User Guide for New Ports

This release contains a number of new communication runtime implementations which directly use MPI instead of a native communication library, e.g., OpenIB verbs, Cray DMAPP. The basis of all of our MPI-based ports is the use of the MPI two-sided primitives (MPI_Send, MPI_Recv) to implement our ComEx/ARMCI one-sided protocols. The primary benefit of these ports is that Global Arrays and its user applications will now run on any platform where MPI is supported.

The recommended ports include, in order,

  1. --with-mpi-pr MPI-1 with progress ranks.
  2. --with-mpi-pt MPI-2 with progress threads.
  3. --with-mpi-ts MPI-1 two-sided.

There are some caveats which must be mentioned in order to use the new MPI ports.

How to Use Progress Ranks

Your application code must not rely on MPI_COMM_WORLD directly. Instead, you must duplicate the MPI communicator that the GA library returns to you in place of any world communicator.
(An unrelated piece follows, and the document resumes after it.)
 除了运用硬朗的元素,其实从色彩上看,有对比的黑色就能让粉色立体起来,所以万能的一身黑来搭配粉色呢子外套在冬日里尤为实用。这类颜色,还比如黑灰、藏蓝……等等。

Example code follows:


      program main
      implicit none
#include “mpi.fh"
#include "global.fh"
#include "ga-mpi.fh"
      integer comm
      integer ierr
      call mpi_init(ierr)
      call ga_initialize()
      call ga_mpi_comm(comm)
! use the returned comm as ususal
      call ga_terminate()
      call mpi_finalize(ierr)


#include "ga.h"
#include "ga-mpi.h"
int main(int argc, char **argv) {
    MPI_Comm comm;
    comm = GA_MPI_Comm();
    return 0;

How to Use Progress Threads

This port uses MPI_Init_thread() internally with a threading level of MPI_THREAD_MULTIPLE. It will create one progress thread per compute node. It is advised to undersubscribe your compute nodes by one core. Your application code can remain unchanged unless you call MPI_Init() in your application code, in which case GA will detect the lower MPI threading level and abort with an error.
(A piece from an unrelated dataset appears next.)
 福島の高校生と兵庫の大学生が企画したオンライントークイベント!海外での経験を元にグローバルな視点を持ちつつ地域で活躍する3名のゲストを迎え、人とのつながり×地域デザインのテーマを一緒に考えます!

How to Use the New Default Two Sided Port

The MPI two-sided port is fully compatible with the MPI-1 standard. However, your application code will require additional GA_Sync() calls prior to and after any MPI function calls. This effectively splits user application code into blocks/epochs/phases of MPI code and GA code. Not doing so will likely cause your application to hang since our two sided port can only make communication progress inside of a GA function call.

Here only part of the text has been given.